Canon in Star Wars is pretty well maintained but there are varying degrees of it. They track it in a database called the Holocron and basically their are 5 levels:
G-canon is absolute canon; the movies (their most recent release), the scripts, the novelizations of the movies, the radio plays, and any statements by George Lucas himself. G-canon overrides the lower levels of canon when there is a contradiction. Within G-canon, many fans follow an unofficial progression of canonicity where the movies are the highest canon, followed by the scripts, the novelizations, and then the radio plays.
T-canon[1] refers to the canon level comprising only the two television shows: Star Wars: The Clone Wars and the Star Wars live-action TV series. Its precedence over C-Level canon was confirmed by Chee.[2]
C-canon is primarily composed of elements from the Expanded Universe including books, comics, and games bearing the label of Star Wars. Games and RPG sourcebooks are a special case; the stories and general background information are themselves fully C-canon, but the other elements such as character/item statistics and gameplay are, with few exceptions, N-canon.
S-canon is secondary canon; the story itself is considered non-continuity, but the non-contradicting elements are still a canon part of the Star Wars universe. This includes things like the online roleplaying game Star Wars: Galaxies and certain elements of a few N-canon stories.
N-canon is non-canon. "What-if" stories (such as stories published under the Star Wars: Infinities label), crossover appearances (such as the Star Wars character appearances in Soulcalibur IV), game statistics, and anything else directly contradicted by higher canon ends up here. N-canon is the only level that is not considered official canon by Lucasfilm.
Somebody once described the various levels of Star Wars cannon like looking at the SW universe through a telescoping lens of camera. At the wide angle you have a large view of possibilities that could happen but not much detail (ie you might tell that a speck on the frame is a person but you can't tell what they are wearing or even if they are male or female). As you zoom you in get more detail till you get the "real" story (ie you zoom and you can identify your friend who really did lose a bet and wore a clown costume to work).
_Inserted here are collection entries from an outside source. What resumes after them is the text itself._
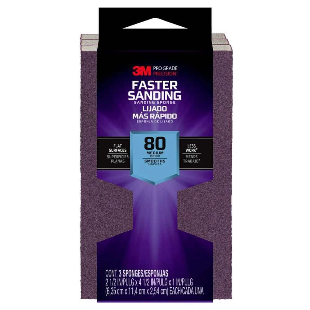 Comfortable, powerful-the 3M Pro Grade Precision Faster Sanding Block Sponge delivers a great sanding experience in the palm of your hand. This durable sanding sponge helps you get the job done fast with premium grits and the pliable design lets you get into hard to reach places. Resists clogging for long use this sanding sponge is perfect for wet or dry sanding. When your job is complete, simply rinse the sponge and reuse it. Get a professional result with the 3M Pro Grade Precision Faster Sanding Block Sponge.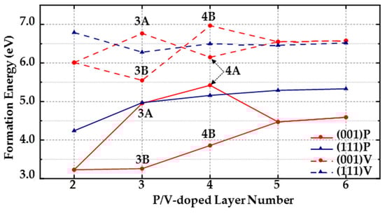 The substitutional location of the P atom and V are shown in Figure 1. These positions are found based on the structural symmetry of the (001) and (111) surface structures. For example, the five outermost atoms in the third C layer of the (001) surface shown in Figure 1a are defined as C31, C32, C33, C34, and C35, respectively. C31, C33, and C35 as well as C32 and C34 are symmetrical, but C31/33/35 and C32/34 are asymmetrical, so the third layer of the (001) surface structure has two doping sites (C31/33/35 and C32/34) with different properties. We define these two sites as 3A and 3B, in which the number represents the doping layer and the capital letter (A and B) refers to the two different doping sites in this layer. Similarly, the doping sites in other layers are defined as 2A, 4A, 4B, 5A, and 6A, respectively. The formation energies of a single P atom and a single V on the (001) and (111) surfaces are shown in Figure 2.
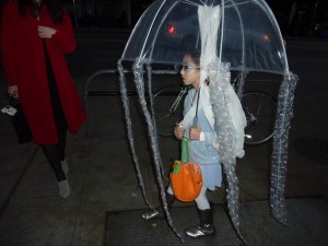 Nikola’s jellyfish: 1x clear umbrella. 8x strips of bubble wrap, partially popped. 32x blue glow sticks ($12/100-ct on Amazon!). 2x blue optic fiber glowing hair clips. 1x white leotard. 1 pair silvery boots. Alton’s costume: 1x Clone trooper. Alterations to the waist, legs. At the Arc School Halloween Bash, Nikola’s jellyfish won first prize in …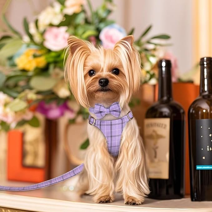 Beirui Cute Extra Small Dog Harness Collar and Leash Set with Bowtie, Soft Adjustable Plaid Puppy Harness for Small Sized Dogs Cats Walks Parties and Photoshoots(Purple,XXS:Chest 12-14")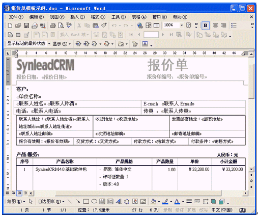 SynleadCRM企業(yè)版4.0很好地滿足了銷(xiāo)售自動(dòng)化管理、服務(wù)自動(dòng)化管理的上述需求,提供了開(kāi)放的客戶化Word模板,使得用戶企業(yè)能夠根據(jù)實(shí)際情況不斷擴(kuò)展該應(yīng)用。客戶化模板直接在Word中編輯,可直觀、方便地插入合并域字段或代碼,只要對(duì)Word稍加了解就可勝任模板維護(hù)工作。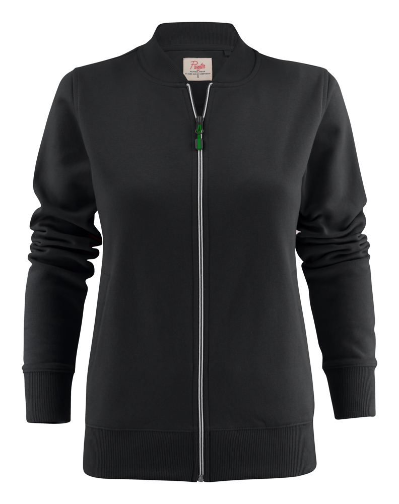 Sweatshirt met volledige, tweekleurige ritssluiting vooraan en lichtgebogen steekzakken. Het damesmodel heeft paspelzakken en een geribde opstaande kraag. De zippullers kunnen indien gewenst vervangen worden door één van de andere beschikbare kleuren. Oeko-Tex 100 gecertificeerd.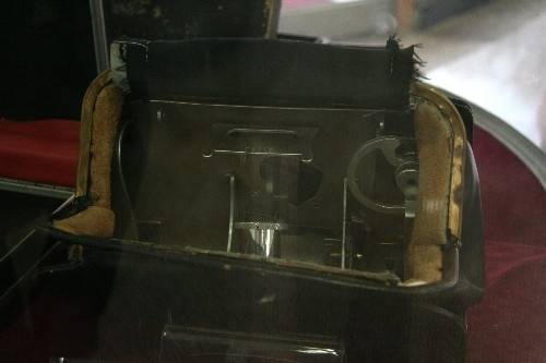 러시아 페드(Fed)가 1935년에 만든 소형 레인지파인더 카메라를 구소련 KGB가 여성용 핸드백에 달아 사용했다. 가방 측면을 누르면 필름이 감기고 액세서리가 달린 부분을 들고 우측 부분을 누르면 사진을 찍을 수 있다. 현재 남아있는 것이 몇 개 없다고 한다. |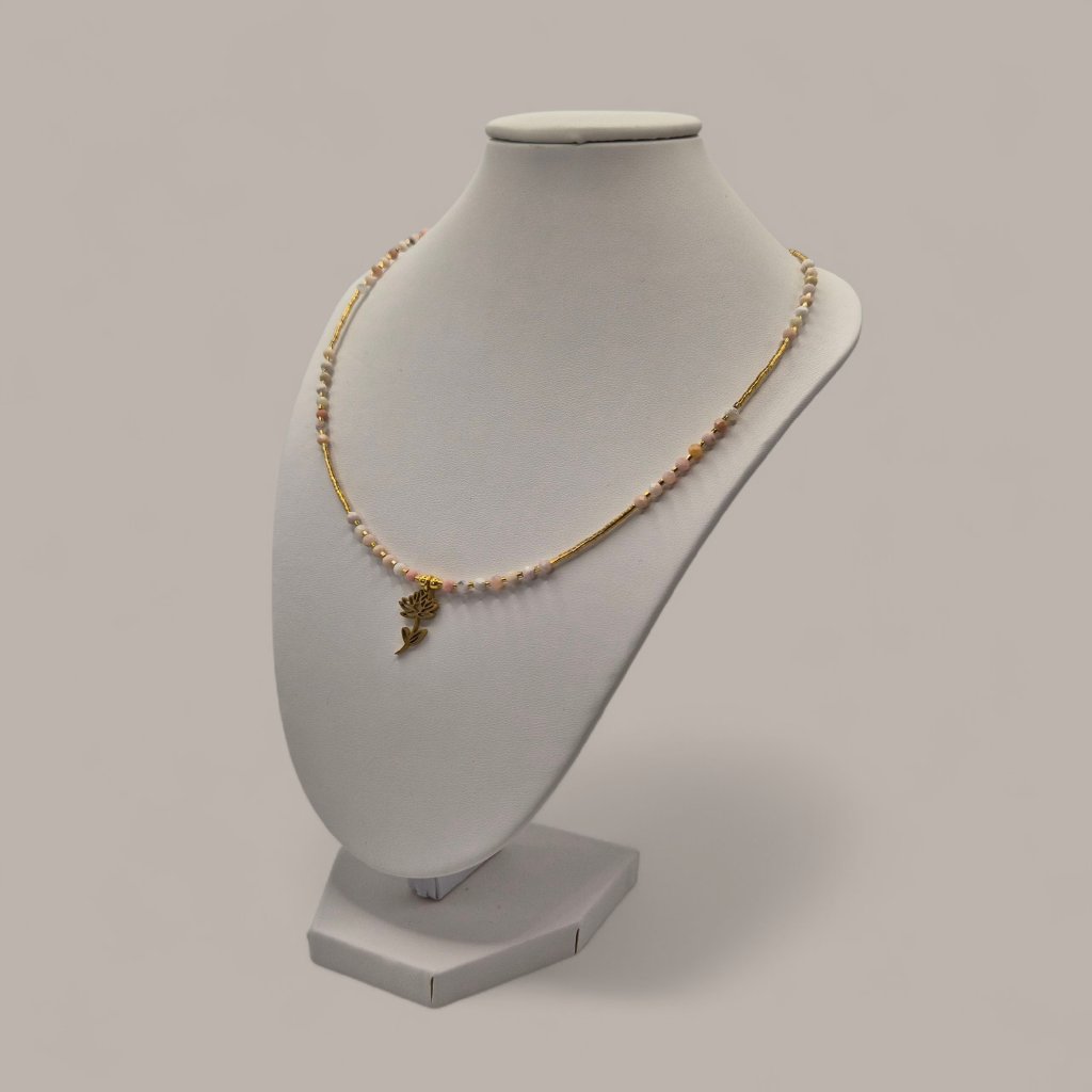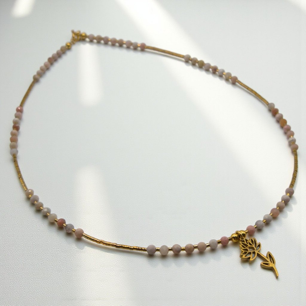 Jemný a harmonický šperk, který propojuje křehkost přírody s hloubkou ženské energie. Dominantním prvkem je pozlacený přívěsek ve tvaru leknínu, symbolu klidu, obnovy a čistoty. V kombinaci s růžovým opálem vzniká elegantní náhrdelník, který ti připomene, že síla často přichází v tichosti.

I actually find this analogy works well watching almost anything that is being adapted to a new media.
For the most part it works pretty well. Right now though I'm a little annoyed the Star Wars:Clone War Mandalorian storyline completely irreconcilably retconning what was established about Mandalore in the excellent Clone Trooper book series (which was being followed up the Imperial Trooper series but is being abandoned by the author due to these changes). Mandalorians were presented in a lot of ways up till now but never as pacifists - it ridiculous but they way it is now - ah well.